If the weak trading action causes the index to break below another key level, the drop could end up causing investors a lot of pain. While the S&P 500 has been heading higher for a while, it dipped in late April to hit a low point of 4967. While it has recovered since then, a fall to 5400 would represent a break of the short-term uptrend it has been on since the spring. 
That would point to a drop of another 5% to 7%, based on what the index has done when it has broken short-term uptrends since the start of 2023. Cappelleri says. 

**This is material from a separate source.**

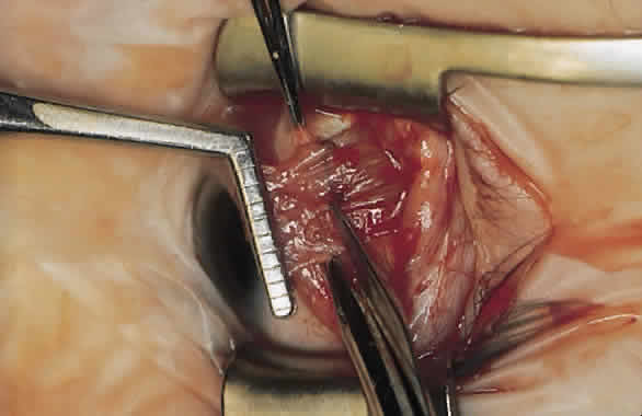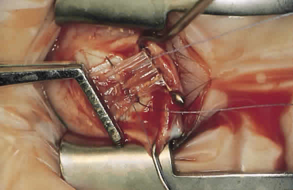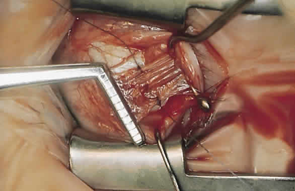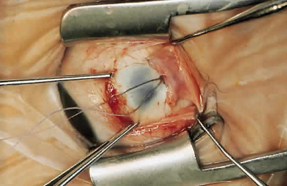 Other Considerations If hypertropia is present along with intermittent exotropia, the first consideration is whether the hypertropia is present at distance and near fixation and whether any dysfunction of the oblique muscles is present. If the deviation is present at both distance and near when the patient is dissociated into the exotropic phase, no oblique muscle dysfunction is seen, and the vertical deviation is a true vertical deviation as opposed to a dissociated vertical deviation, then surgical correction of the vertical deviation is indicated if the amount is 8 PD or more. A vertical deviation that is present only at distance and not at near is ignored in the surgical plan.34 In the rare instance when this far-near dissociated hypertropia is associated with a unilateral inferior oblique overaction, the inferior oblique muscle should be weakened along with the surgery on the horizontal muscles. If an A or V pattern is present in conjunction with the intermittent exotropia, the function of the oblique muscles must be evaluated. If the inferior oblique muscles are overacting in the presence of a V pattern and the superior oblique muscles are overacting in the presence of an A pattern, this dysfunction must be considered in the surgical plan. In V patterns, the overacting inferior oblique muscles should be recessed if the superior oblique muscles are normal or underacting. If the superior oblique muscles are also overacting, then careful consideration must be given to the effect of the oblique muscle dysfunction on the V pattern and the effect that recessing the overacting inferior obliques will have on the pattern. Pseudooveraction of the inferior oblique muscles should be suspected when tight lateral rectus muscles are associated with exotropia. In this situation, it is believed that the lateral rectus muscle of the exotropic eye becomes tight or contracted. When the eye is taken into adduction and slight upgaze, the tight lateral rectus muscle slides around the globe, causing the eye to elevate and to simulate overaction of the inferior oblique muscle. This concept was first suggested by Jampolsky. In A pattern deviations, if the inferior oblique muscles are normal or underacting, weakening the overacting superior oblique muscles can help collapse the pattern. However, if the inferior oblique muscles are overacting, care must be taken if a tenotomy of the overacting superior oblique muscles is performed because the A pattern may be converted to a V pattern. For both A and V patterns, when weakening the overacting oblique muscles is part of the surgical plan, surgery for the exodeviation should be done as measured in primary gaze position and without consideration for any oblique surgery that is done. Most strabismologists support this approach in patients who have a V pattern with overacting inferior oblique muscles. However, controversy exists when an A pattern is associated with overacting superior oblique muscles. Some authors report no change in the exodeviation in primary gaze position after surgical weakening of overacting superior oblique muscles is performed.35–38 Others report an inward shift of the eyes in primary gaze position after surgical weakening of overacting superior oblique muscles has been performed in patients with A pattern strabismus.39,40 In a series of eight patients with A pattern exotropia and overacting superior oblique muscles, Biglan noted a mean reduction of 8 PD (from 12 to 4) in the amount of exodeviation seen in primary gaze position after tenotomy of the superior oblique muscles.41 This difference in findings could be the result of different surgical techniques, such as performing the superior oblique tenotomy on the nasal versus the temporal side of the superior rectus muscle. When the oblique muscles are judged to be functioning normally in the presence of an A or V pattern, vertical displacement of the recessed or resected horizontal rectus muscles is required to treat the pattern. The recessed lateral muscles are moved down for an A pattern and up for a V pattern, and the resected medial muscles are moved in the opposite direction. When a muscle is infraplaced or supraplaced, the question arises as to how the recessed or resected insertion should be placed. The surgeon must determine whether the insertion should be moved and placed parallel to the original insertion, parallel to the limbus, or at a location between the two. Another suggestion is that the displaced pole (inferior pole in infraplacement and superior pole in supraplacement) should be recessed further or placed further posterior than the other pole to create a greater effect and limit any torsional effect. I prefer to make the new insertion parallel to the original insertion. Surgical Technique I favor a fornix incision more than a limbal incision unless extensive scarring from previous surgery makes the limbal approach a better option. A double-armed 6-0 Polyglactin 910 suture coated with polyglactin 370 (coated Vicryl) is used. This synthetic absorbable suture is 18 in long. For a recession, the suture is placed in the muscle 1 mm from the scleral insertion. One end of the suture is started near the middle of the muscle (tendon) 1 mm back from the sclera and is passed into the belly of the muscle, exiting at the lateral margin (Figs. 1 and 2). The needle is passed back through the muscle, perpendicular to the plane of the muscle and 1.5 to 2 mm in from the muscle edge to create a lock bite (Fig. 3). The suture is double locked. The other end of the suture is passed similarly, from the middle of the muscle through the muscle belly, out the other side. A lock bite is taken. This suture placement is a modified von Pirquet technique that was popularized by Parks.42
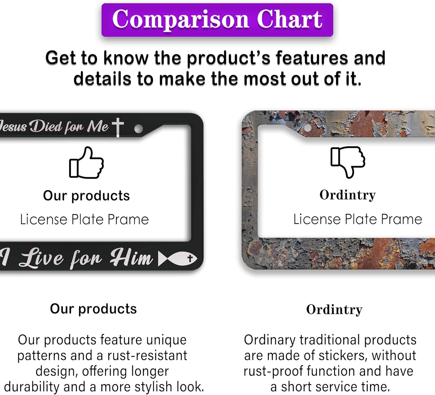 - ALUMINUM FRAME: This License Plate Frame is crafted from high-quality aluminum that is resistant to corrosion, rust, and harsh weather conditions. Its rugged reliability design ensures a long lifespan, making it capable of withstanding car washes and extreme weather, providing you with a reliable and stylish solution for your vehicle.

The truth is, the market could go either way. Almost everybody agrees that a lot is riding is next week’s results and guidance from Microsoft, Meta, Amazon, and Apple. The problem, as the railbirds from my misspent youth at racetracks would put it, is the handicap. These tech giants, as they prepare to deliver their results, are under the significant imposition represented by heightened expectations, which are partly of their own creation. What that means is they must not only meet revenue and profit expectations, but beat them resoundingly. Perhaps they have some wiggle room for narrow beats on revenue and earnings bolstered by aggressive, credible guidance for current quarters. On that front, credibility is suddenly at a premium.

A generous dollop of genAI promises might not cut the mustard now. Fermented and fortified AI hype produced an intoxicating buzz, but a throbbing hangover has left the market’s revelers impatient, irritable, and surly. The market wants to see and hear more than boilerplate puffery. The AI narrative is losing its luster, and a script rewrite, if it is to sustain the spirited party, will need to feature more than cameo roles from substance and results.

Regardless of what happens next week, portfolio diversification is always a good idea. There’s hoary axiom about the inherent danger of having all your eggs in one basket; it’s admittedly hackneyed and threadbare, and I have nothing but scorn for cliches (more on which later), but I can’t argue with its enduring wisdom.